🤖 AI Summary
To address the limited interpretability and coarse localization accuracy in deepfake detection, this paper proposes a diffusion-based artifact localization framework. The method leverages denoising diffusion probabilistic models to generate high-fidelity DSSIM structural discrepancy maps, precisely capturing subtle manipulation traces. It further fuses high-level semantic features extracted from a pre-trained face detector to enable multimodal feature co-modeling. Compared to existing approaches, our framework maintains high detection accuracy while significantly improving fine-grained localization of forged regions. Extensive experiments demonstrate state-of-the-art performance under both cross-dataset and in-dataset evaluation protocols.
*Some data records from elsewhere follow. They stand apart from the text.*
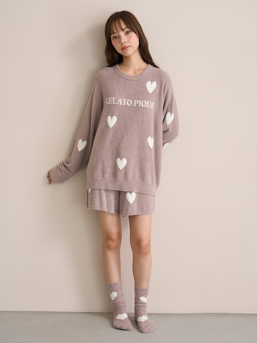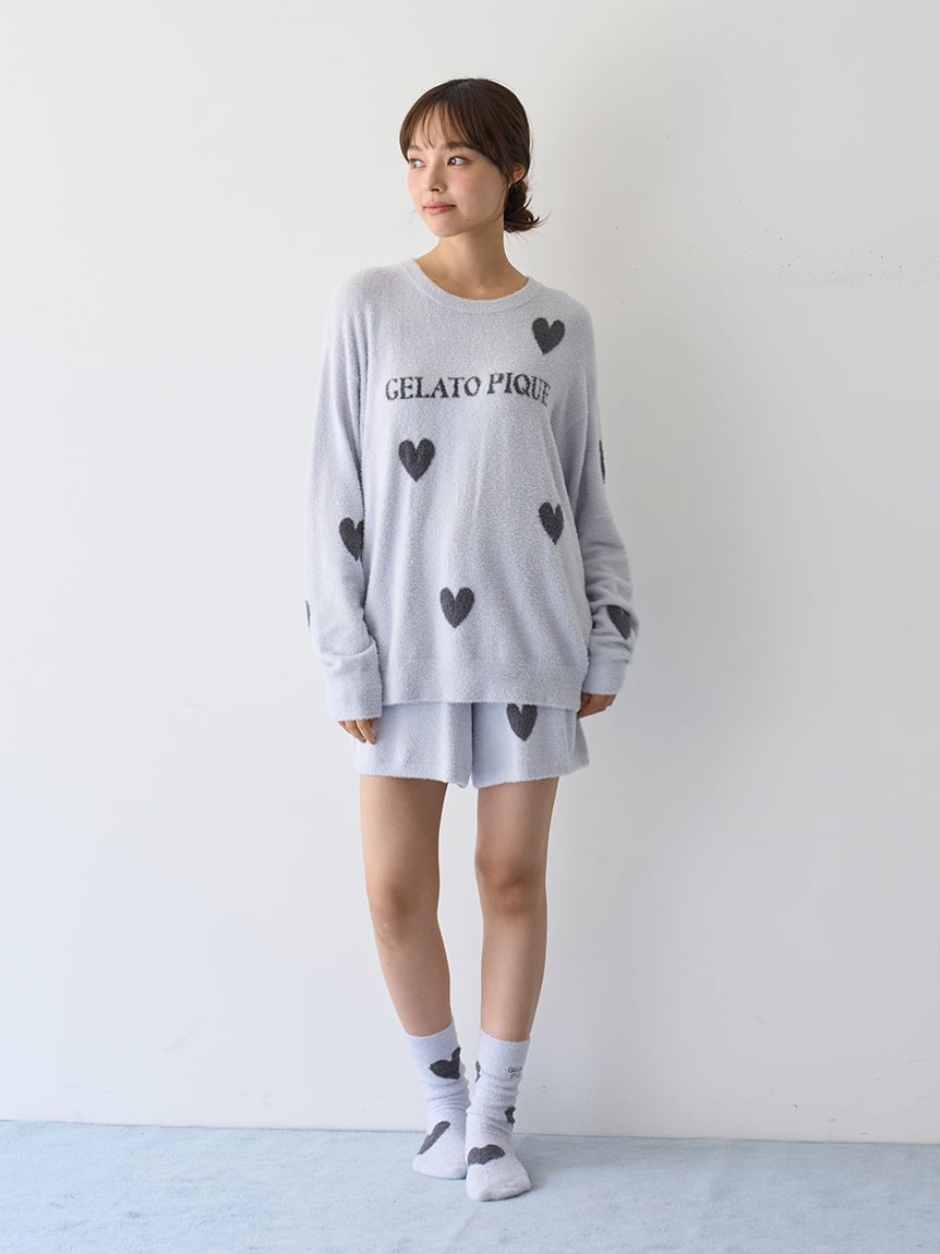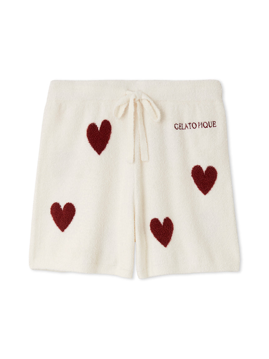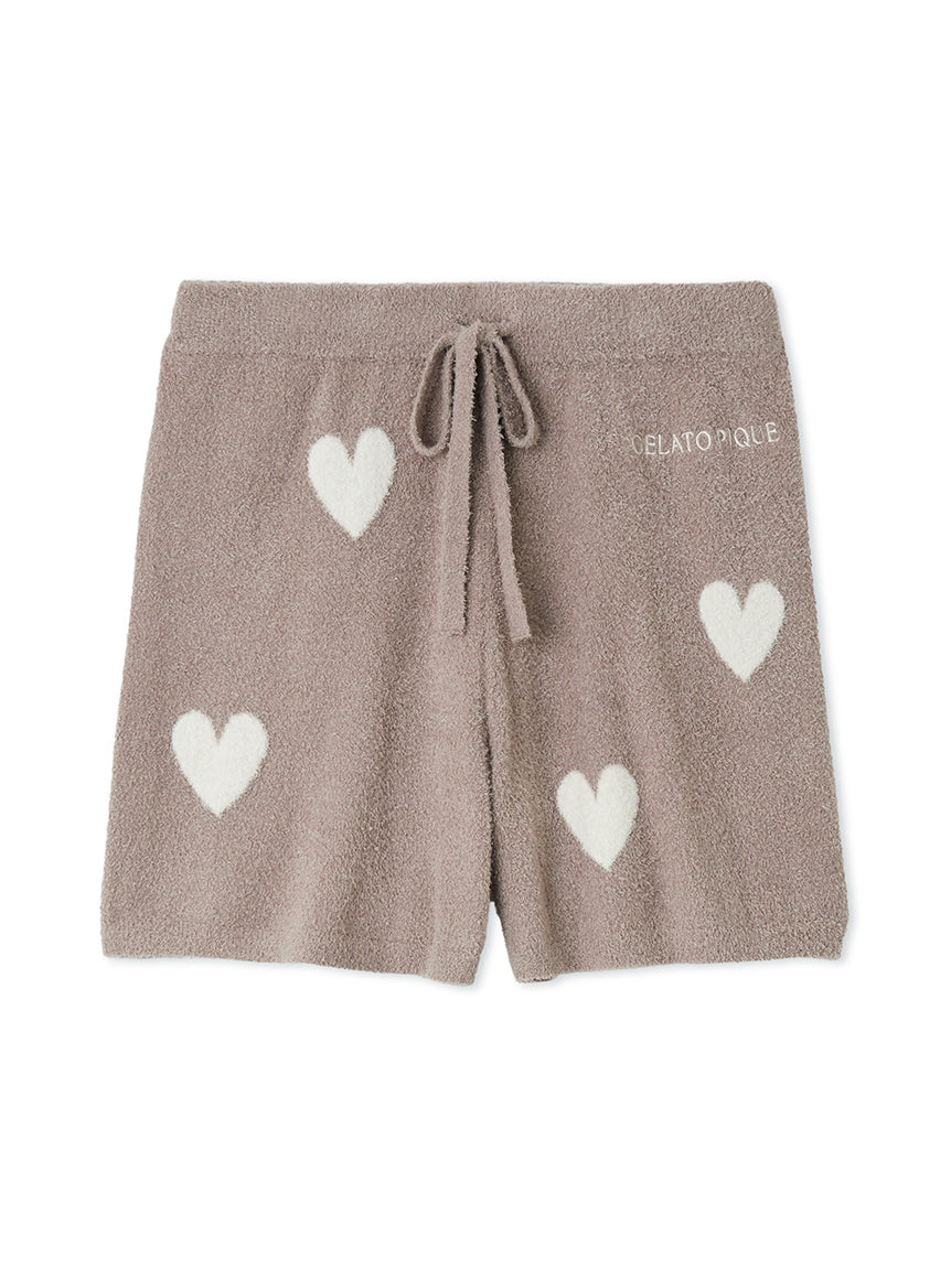 This heart motif series is made from the smooth, heat-retaining "Hot Smoothie" fabric. These heart-studded shorts, perfect for enjoying your time at home, feature the GELATO PIQUE logo at the waist. Available in off-white, blue, and brown. A matching pullover and socks are also available.
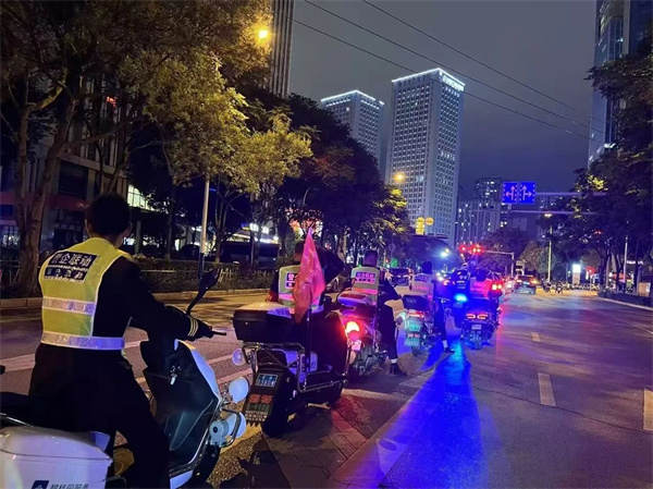 “我们辖区的夜市是热门打卡地,现在每晚人流量在3万人次左右。”章辉介绍,派出所立足辖区特点打造巡处一体新机制,积极拓展应急处突力量布点,将街道、社区、小区等人员纳入治安巡逻队,协助民警开展街面巡逻管控、宣传防范等工作,共同为夜经济保驾护航。
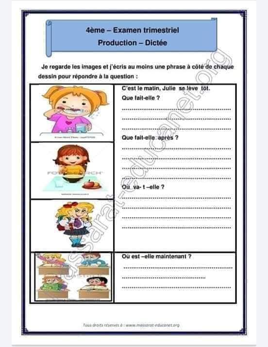 إمتحانات-في-مادة-الفرنسية-الرابعة-إبتدائي-الثلاثي-الأول-معلمي-أونلاين-نموذج-رقم-4
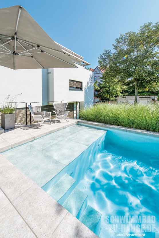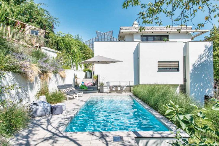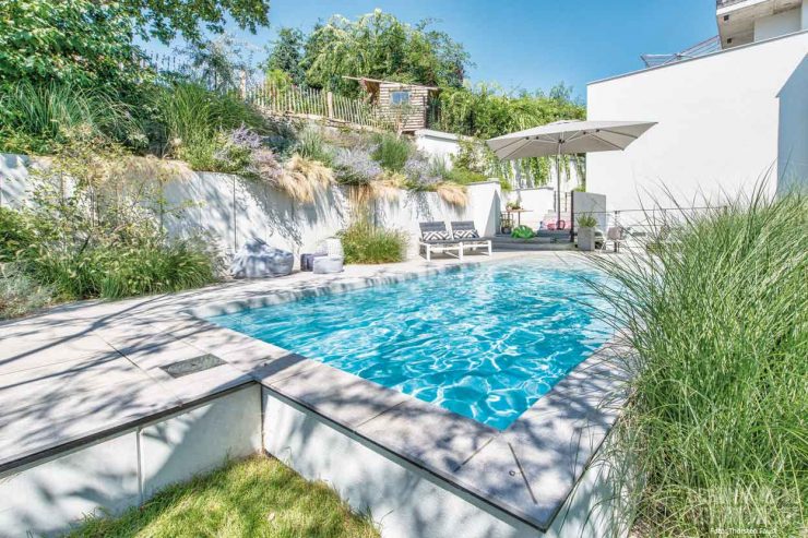 Jede private Wellnessoase hat eine individuelle Geschichte. Diese unterschiedlichen Geschichten sind es, die motivieren, inspirieren und Anstoß zu neuer Kreativität geben. So ist es auch bei der Familie Wienand aus Aschaffenburg. Urlaub zu Hause, Erfrischung an heißen Tagen und absolute Entspannung lauteten die Argumente, die für den eigenen Pool des berufstätigen Ehepaares sprachen. Ein Traumpool für die ganze Familie sollte es werden. „Da wir zunächst in der Planung unseres Einfamilienhauses kein Grundstück zur Bebauung mit einem Pool zur Verfügung hatten, war die Ursprungsidee, das Schwimmbad auf der Dachterrasse zu platzieren. Im Laufe des Hausbaus erhielten wir dann die Gelegenheit, das freie Nachbargrundstück zu erwerben“, erklärt Nadja Wienand die Positionierung des Betonbeckens. Jetzt bildet der Pool im Garten hinter dem Haus das klare Zentrum. In den Hang verbaut, schafft er die harmonische Verbindung zwischen Terrasse und Garten.
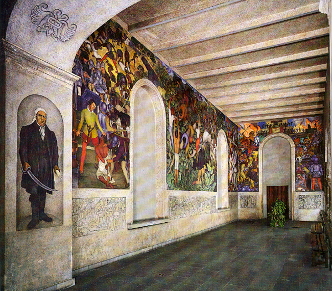 Source: WTL photograph© (1999). Mural: "Battle of Aztecs and Spaniards" (1930), in the Museo Cuauhnáhuac, Palacio de Cortés, in Cuernavaca, Mexico. Comments: As stated before, Diego Rivera's murals in the Palacio de Cortés were commissioned by the U.S. Ambassador to México, Dwight W. Morrow, who was one of the most talented, liked, and successful ambassadors the U.S. has ever sent to Mexico. To paint these murals, Rivera interrupted his work on the Palacio Nacional in Mexico City. The murals cover these two walls and the wall behind the photographer (see: <= Cuernavaca #8). The subject is the history of Cuernavaca and the State of Morelos from pre-Conquest times through the leadership of Emiliano Zapata in 1911. On the far left is a mural depicting José Morelos, one of the great leaders of Mexico's War of Independence (1810-1821). On the far right is the battle between Cortés' forces and the Aztecs in Cuernavaca. Then the middle panel on the left is "Crossing the Barranca", a Spanish engineering feat, which enabled the Spanish victory. On the left is "The Taking of Cuernavaca". Other panels behind the photographer include the full defeat of the Aztecs, Bartolomé de las Casas, Morelos, and Zapata. For a complete tour of this mural in series format, see: => Rivera in Cuernavaca. Humanities Question: How do you evaluate the American involvement in creating these murals in the palace-fortress built by and living in by Cortés? |

Moreover, the framework produces intuitive, visually grounded explanations—enhancing model interpretability and fostering user trust without compromising detection reliability.
📝 Abstract
The rapid evolution of deepfake generation techniques demands robust and accurate face forgery detection algorithms. While determining whether an image has been manipulated remains essential, the ability to precisely localize forgery artifacts has become increasingly important for improving model explainability and fostering user trust. To address this challenge, we propose DiffusionFF, a novel framework that enhances face forgery detection through diffusion-based artifact localization. Our method utilizes a denoising diffusion model to generate high-quality Structural Dissimilarity (DSSIM) maps, which effectively capture subtle traces of manipulation. These DSSIM maps are then fused with high-level semantic features extracted by a pretrained forgery detector, leading to significant improvements in detection accuracy. Extensive experiments on both cross-dataset and intra-dataset benchmarks demonstrate that DiffusionFF not only achieves superior detection performance but also offers precise and fine-grained artifact localization, highlighting its overall effectiveness.